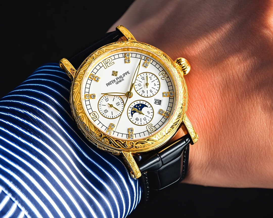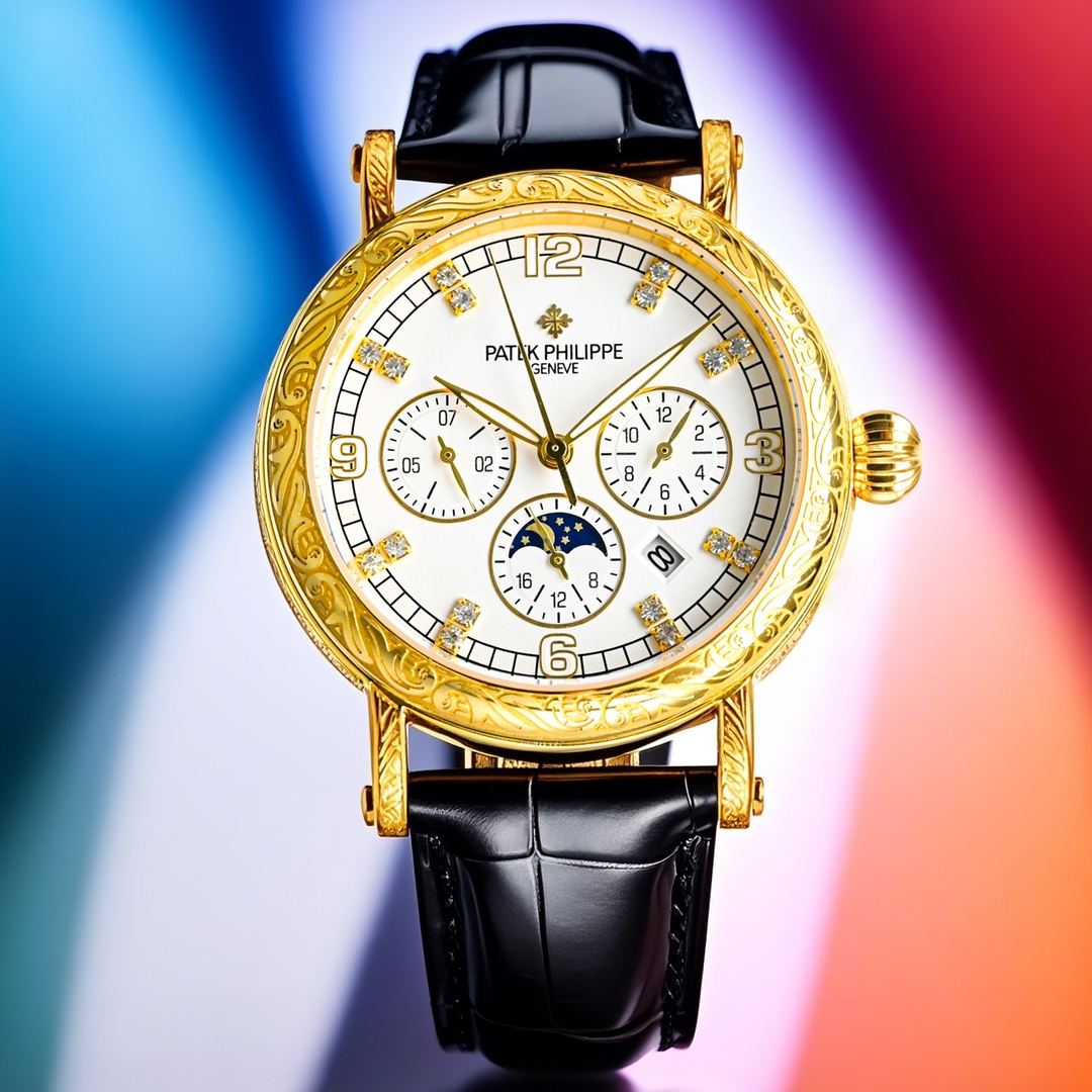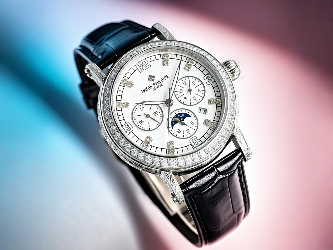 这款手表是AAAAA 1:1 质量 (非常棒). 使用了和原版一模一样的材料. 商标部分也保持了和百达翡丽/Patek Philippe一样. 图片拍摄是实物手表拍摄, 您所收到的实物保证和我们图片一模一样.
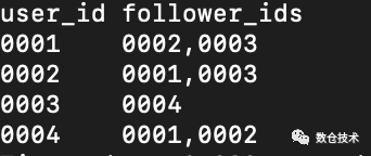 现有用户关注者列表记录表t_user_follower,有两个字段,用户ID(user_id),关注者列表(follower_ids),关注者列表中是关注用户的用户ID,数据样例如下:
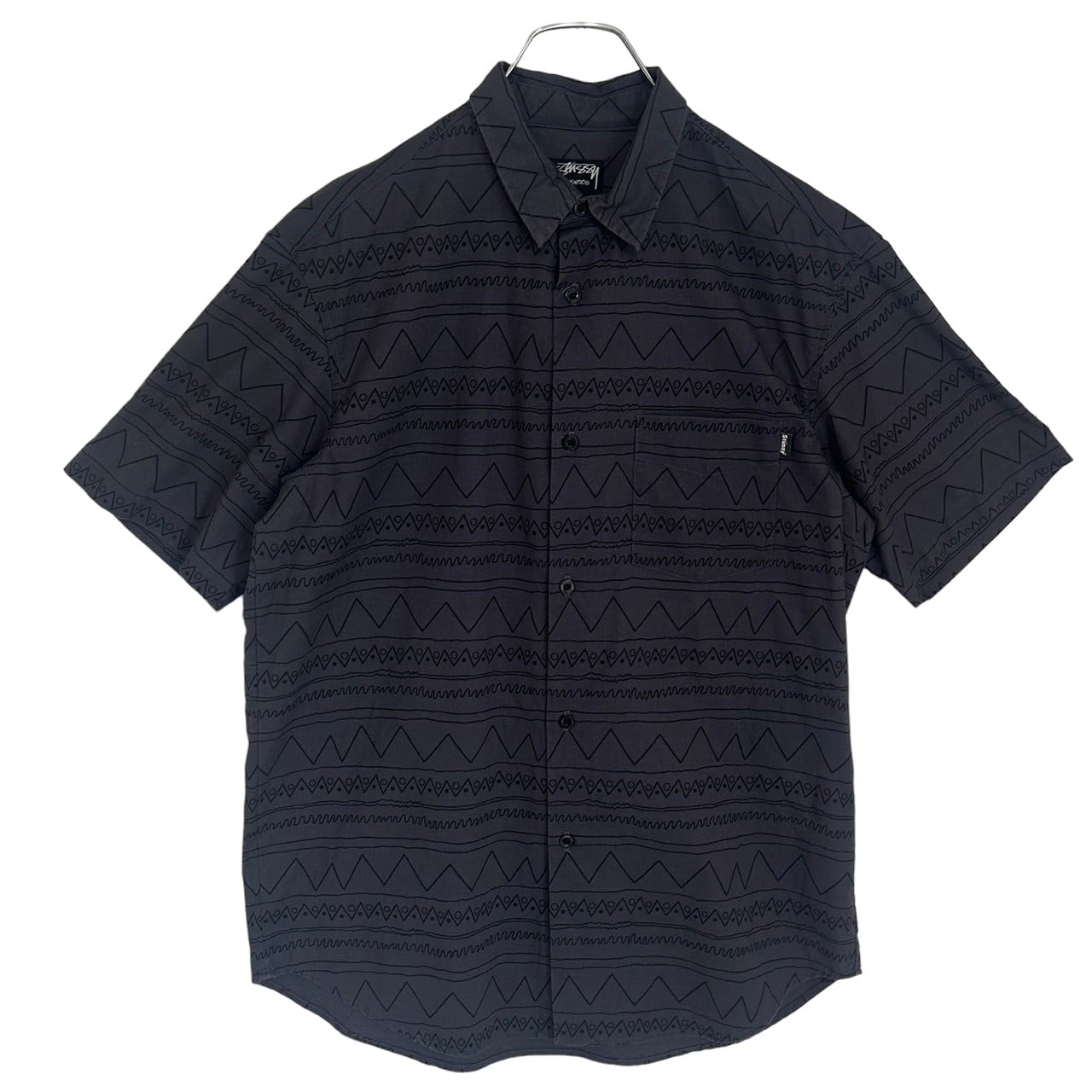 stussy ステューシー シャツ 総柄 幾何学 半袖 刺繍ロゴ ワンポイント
------
Set the data above down again exactly as given, with no pictures.

Answer box:
 这款手表是AAAAA 1:1 质量 (非常棒). 使用了和原版一模一样的材料. 商标部分也保持了和百达翡丽/Patek Philippe一样. 图片拍摄是实物手表拍摄, 您所收到的实物保证和我们图片一模一样.
 现有用户关注者列表记录表t_user_follower,有两个字段,用户ID(user_id),关注者列表(follower_ids),关注者列表中是关注用户的用户ID,数据样例如下:
 stussy ステューシー シャツ 総柄 幾何学 半袖 刺繍ロゴ ワンポイント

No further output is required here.